Redesigning my robots.txt file. Have you done yours?
Some months ago, I was creating my first robots.txt. I even asked someone to help me make one. After a few months though, I’m a bit more confident in knowing WordPress and so I revisited my robots.txt again and start doing some more research to optimize my search engines traffic even further.
I found out that I still have a lot of duplicated contents that need to be filtered out to get a good SEO (Search Engine Optimization)!
If you don’t know what robots.txt is, it’s the file that search engine bots/crawlers will look first on their visits to your site/blog. The file tells them what to crawl/info to grab and what’s not.
The file robots.txt has to be put on your root site, even if your WordPress is installed on a sub-folder! So since my blog’s URL is http://www.michaelaulia.com/blogs/ , I still have to put the robots.txt under the http://www.michaelaulia.com/ (or your public_html/ folder).
Here is my new robots.txt file: (Feel free to comment about it)
# BEGIN XML-SITEMAP-PLUGIN
Sitemap: http://www.michaelaulia.com/blogs/sitemap.xml.gz
# END XML-SITEMAP-PLUGINUser-agent: Googlebot-Image
Disallow:# Google AdSense
User-agent: Mediapartners-Google*
Disallow:# Internet Archiver Wayback Machine
User-agent: ia_archiver
Disallow: /# digg mirror
User-agent: duggmirror
Disallow: /User-agent: *
Disallow: /blogs/cgi-bin/
Disallow: /blogs/wp-admin/
Disallow: /blogs/wp-includes/
Disallow: /blogs/wp-content/plugins/
Disallow: /blogs/wp-content/cache/
Disallow: /blogs/wp-content/themes/
Disallow: /blogs/author/
Disallow: /blogs/archives/
Disallow: /blogs/trackback/
Disallow: /blogs/feed/
Disallow: /blogs/tag/
Disallow: /blogs/search-result/
Disallow: /blogs/smilies/
Disallow: /blogs/wp-au-backup/
Disallow: /blogs/category/
Disallow: /blogs/page/
Disallow: /blogs/2007/
Disallow: /blogs/2008/
———-

NOTE: If you want to copy my robots.txt to your WordPress blog, feel free to do so, BUT! This only works if your permalink structure is similar like mine (www……./%posttitle%……. IF your permalink structure has the year or category on it, it will be blocked by this robots.txt configuration! (i.e. the Disallow: /2008/ part)
As always, check whether your posts are accessible by using Google Webmaster Tools.
Once there, go to Tools-Analyze robots.txt.
You should then see your robots.txt contents there. If you’ve just updated your robots.txt file, you may still see the old one. It will be refreshed on the next Google’s crawl which may take a day or two.

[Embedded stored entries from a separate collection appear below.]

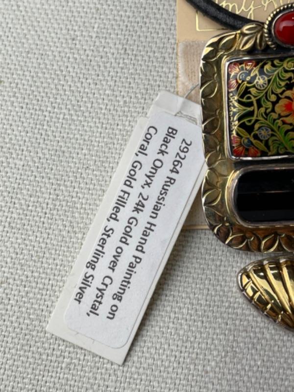 The pin pendant is Russian handpainting on black onyx, 24k gold over crystal, coral , gold filled , sterling silver on a black leather 16” necklace with 14k yellow gold clasp
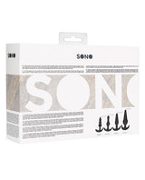 For all you backdoor lovers or those who want to try some anal fun, SONO has developed a fantastic 4-piece butt plug set! Made from flexible, highly durable and odourless TPE rubber, these plugs will give you hours and hours of amorous anal adventures! All plugs are absolutely phthalate-free. Each toy comes in a distinct shape and size giving plenty of different and exciting options. All plugs are waterproof (IPX7) and come with a wide ergonomically designed base handle for easy and safe removal and to keep the toy in place.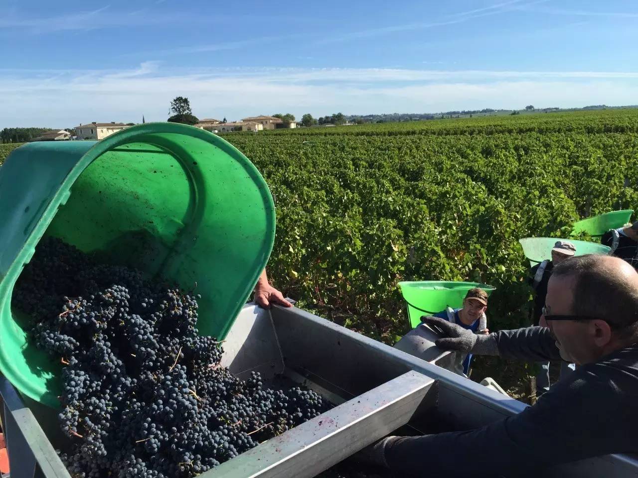 10 月 4 日,波美侯产区。10 月第一个星期,梅洛采收如火如荼地进行中。

Then, test if the crawler bots can access your actual content and can’t access the duplicated contents:
Then, look at the results to see if the bot can access only the actual content.
As you can see, the bot can now only access the actual post content and not the posts on archives, feeds, navigation pages, etc.

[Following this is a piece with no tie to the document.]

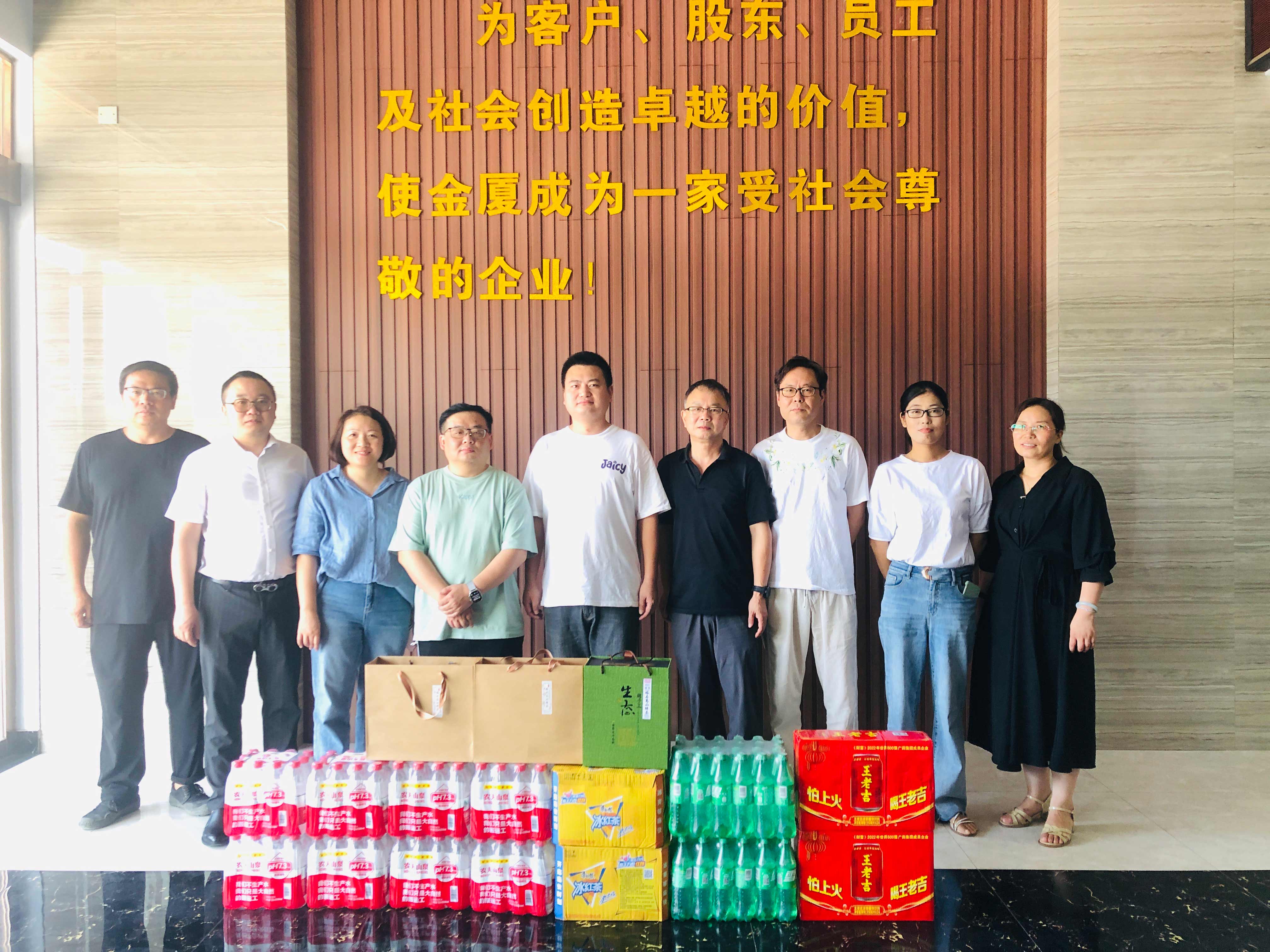 為切實(shí)保障一線員工的身體健康,將集團(tuán)“以人為本”的理念落到實(shí)處,持續(xù)推進(jìn)“幸福金廈”建設(shè),提升員工的凝聚力和向心力,7月10日,金廈集團(tuán)總裁傅融率集團(tuán)管理層走訪慰問高溫下堅(jiān)守崗位、辛勤勞動的一線員工,為他們送去清涼和關(guān)懷。

Have you re-visited your robots.txt? It’s very important for search engines, especially Google, that you get it right and optimized!
|
If you like this post, don't forget to subscribe to this blog via your favorite RSS feed reader (What is RSS?) or by entering your email address on the form below: |












nice , i love the files to be ready to copy and paste
i’ll see if my blog support blocking robots or not ,
ameos last blog post..manage passwords / arting ads [ firefox ]
very good post. my perma structure is year/month/articlename.
i think you are using sitemap plugin. I am using the same. I don’t have any special instructions in robot.txt
Let me know if i can put like you have done with the same perma structure?
Nihars last blog post..Get FREE Kaspersky Internet Security license key
Nice post, I always knew they existed but never had the time to verify the file, with your post i’ll be sure to give it a look today.
I’m in the same situation of Nihar for the permalink structure, I will have to read on how to configure my robot file.
Thanks!
Chessmasters last blog post..Too Many Money Blogs
Hmm I guess having a year/ on the permalink is a bit tricky for the robots.txt. Worst to worst, don’t put the
Disallow /YEAR/ parts…
You’ll still get a duplicate content though because I can go to your
http://www.YOURSITE.com/2007 to see all of your 2007 archive posts..
I did not disallow those admin content too, you are right, I should follow your way too
but i did not edit robots.txt over my root, i just edit the subdomain’s robots.txt
I just realize that my blog doesn’t have robot.txt file. So gotta create one now.
Steve Yus last blog post..Quickly Adjust the Volume of Your Speaker with just a Mouse Scroll
Great tip - I would never have have even know about this if it wasn’t for your post.
Regretful Mornings last blog post..Wingman of the Year
Wow, I didn’t know that most bloggers don’t have robots.txt yet. Glad to help out. Now hopefully more search engine visitors will come more to your site!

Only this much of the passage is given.